Внимательно изучая конфиденциальную корреспонденцию Юга и Севера в период между бомбардировкой Самтера и сражением при Булл-Ран, поражаешься неподготовленности обеих сторон и вообще контрастом между состоянием военной подготовки к войне в нашей стране и Европе. В 1870 году французский военный министр сообщил императору и своим коллегам о том, что Франция готова, и более чем готова, а перед комиссией законодательного корпуса заявил: «Мы готовы настолько, что даже если война продлится два года, нам не придется искать и пуговицы для гамашей». За десять дней он организовал переброску по железной дороге к границе почти 200 000 человек с пушками, лошадьми и боеприпасами. В то же время Бисмарк интересовался у Мольтке: «Каковы наши шансы на победу?» Мольтке отвечал: «Полагаю, мы им ни в чем не уступаем, с оговоркой, что никто не может предсказать исход великой битвы». Он также отметил, что «быстрое столкновение в целом для нас более благоприятно, чем его отсрочка». Меньше чем за три недели Мольтке сосредоточил на границе с Францией армию, численностью более чем вдвое превосходящую французскую.[89]

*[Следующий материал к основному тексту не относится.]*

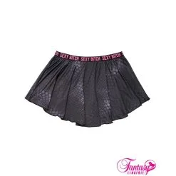 Minijupe texturée à motif peau de serpent avec « SEXY BITCH » imprimé sur la taille haute élastique et un ourlet ondulé. (Présenté avec l’ensemble de 2PC FAAF912; vendu séparément)
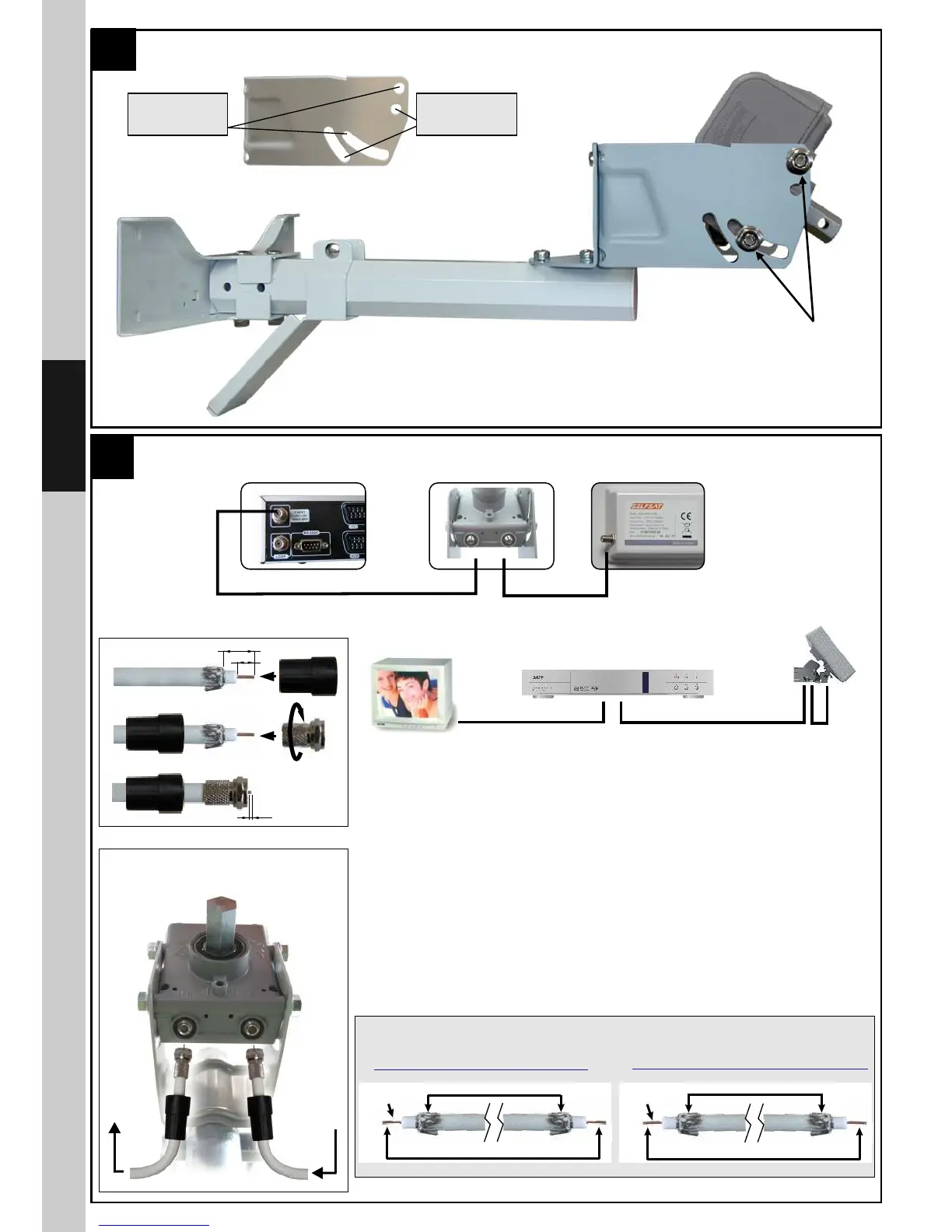 - Montare alle estremità del cavo di discesa i connettori F e collegare

Если бы Север или Юг подготовились хотя бы столь же слабо, как Франция (не говоря уж о том, что проделал ее противник), то они смели бы все на своем пути. Если бы у Юга и Севера была такая совершенная организация, как у Пруссии, война могла оказаться намного короче. Но прусская военная система в Соединенных Штатах была невозможна, а если и возможна, то не считалась необходимой. Американцы, как афиняне времен Перикла, предпочитают «встречать опасности скорее по свойственной нам живости, нежели в силу привычки к тягостным упражнениям».[90]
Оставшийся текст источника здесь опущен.